• **Problem to work on**
I'd like an exact copy of only the lines from the start of the listing below through the line that holds "Расположенный на острове". Please keep the pictures out.

• **Given material**
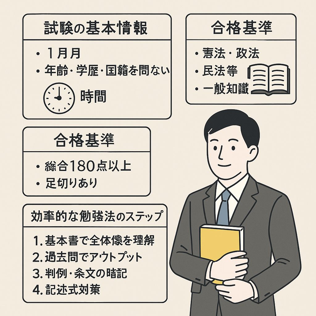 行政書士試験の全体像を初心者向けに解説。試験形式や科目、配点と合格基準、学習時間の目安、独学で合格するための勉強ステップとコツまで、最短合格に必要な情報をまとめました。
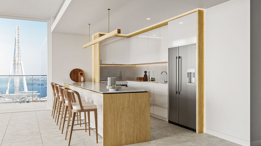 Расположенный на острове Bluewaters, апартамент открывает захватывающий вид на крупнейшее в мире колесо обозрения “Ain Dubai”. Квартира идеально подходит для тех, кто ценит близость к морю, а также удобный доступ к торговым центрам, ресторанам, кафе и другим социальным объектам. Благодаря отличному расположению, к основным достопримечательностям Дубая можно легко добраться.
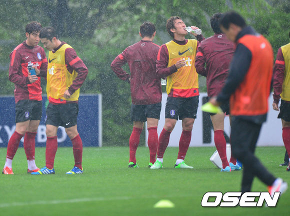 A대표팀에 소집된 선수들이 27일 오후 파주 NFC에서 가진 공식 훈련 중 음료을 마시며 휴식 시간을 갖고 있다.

• **Result below**
 行政書士試験の全体像を初心者向けに解説。試験形式や科目、配点と合格基準、学習時間の目安、独学で合格するための勉強ステップとコツまで、最短合格に必要な情報をまとめました。
 Расположенный на острове Bluewaters, апартамент открывает захватывающий вид на крупнейшее в мире колесо обозрения “Ain Dubai”. Квартира идеально подходит для тех, кто ценит близость к морю, а также удобный доступ к торговым центрам, ресторанам, кафе и другим социальным объектам. Благодаря отличному расположению, к основным достопримечательностям Дубая можно легко добраться.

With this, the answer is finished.